Route 4 leads east 20 mi to West Hartford and northwest 5 mi to Torrington, while Route 118 leads west 8 mi to Litchfield borough, and Route 222 leads south 7 mi to Thomaston.

According to the U.S. Census Bureau, the Northwest Harwinton CDP has a total area of 22.8 sqkm, of which 22.5 sqkm are land and 0.3 sqkm, or 1.25%, are water. The Naugatuck River forms the western edge of the CDP and the town of Harwinton.

==Demographics==
===2020 census===
As of the 2020 census, Northwest Harwinton had a population of 3,158. The median age was 48.0 years. 20.1% of residents were under the age of 18 and 22.7% of residents were 65 years of age or older. For every 100 females there were 103.6 males, and for every 100 females age 18 and over there were 104.7 males age 18 and over.

54.2% of residents lived in urban areas, while 45.8% lived in rural areas.

There were 1,301 households in Northwest Harwinton, of which 28.2% had children under the age of 18 living in them. Of all households, 58.6% were married-couple households, 15.5% were households with a male householder and no spouse or partner present, and 19.5% were households with a female householder and no spouse or partner present. About 22.6% of all households were made up of individuals and 10.7% had someone living alone who was 65 years of age or older.

There were 1,397 housing units, of which 6.9% were vacant. The homeowner vacancy rate was 0.8% and the rental vacancy rate was 0.9%.

Racial composition as of the 2020 census
| Race | Number | Percent |
|---|---|---|
| White | 2,912 | 92.2% |
| Black or African American | 24 | 0.8% |
| American Indian and Alaska Native | 9 | 0.3% |
| Asian | 23 | 0.7% |
| Native Hawaiian and Other Pacific Islander | 0 | 0.0% |
| Some other race | 9 | 0.3% |
| Two or more races | 181 | 5.7% |
| Hispanic or Latino (of any race) | 97 | 3.1% |

===2010 census===
As of the census of 2010, there were 3,252 people, 1,307 households, and 980 families residing in the CDP. The population density was 374 PD/sqmi. There were 1,386 housing units, of which 79, or 5.7%, were vacant. The racial makeup of the CDP was 97.4% White, 0.3% African American, 0.1% Native American, 1.0% Asian, 0.1% Native Hawaiian or Pacific Islander, 0.2% some other race, and 1.0% from two or more races.

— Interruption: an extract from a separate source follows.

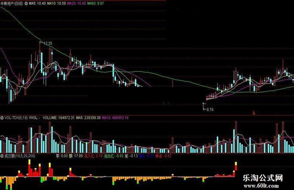 流入亿:IF(CLOSE>OPEN,VAR1*(HIGH-LOW),IF(CLOSE<OPEN,VAR1*((HIGH-OPEN)+(CLOSE-LOW)),AMOUNT/2))/100000000,COLORRED,NODRAW;

Hispanic or Latino of any race were 1.6% of the population.

Of the 1,307 households in the community, 32.4% had children under the age of 18 living with them, 61.4% were headed by married couples living together, 8.9% had a female householder with no husband present, and 25.0% were non-families. 21.7% of all households were made up of individuals, and 10.3% were someone living alone who was 65 years of age or older. The average household size was 2.48, and the average family size was 2.87.

22.4% of the CDP population were under the age of 18, 5.7% were from 18 to 24, 20.7% were from 25 to 44, 33.4% were from 45 to 64, and 17.9% were 65 years of age or older. The median age was 45.8 years. For every 100 females, there were 99.9 males. For every 100 females age 18 and over, there were 96.0 males.

===Income and poverty===
For the period 2013–17, the estimated median income for a household in the CDP was $100,863, and the median income for a family was $110,357. The per capita income for the CDP was $41,424. Male full-time workers had a median income of $72,321 compared with $46,563 for females. 3.8% of families and 7.4% of the total population were living below the poverty line, including 18.5% of people under 18 and 5.7% of those over 64.

Historical population
| Census | Pop. | Note | %± |
| 2010 | 3,252 |  | — |
| 2020 | 3,158 |  | −2.9% |
sources 2010-2020

==Education==
It is in the Regional School District 10.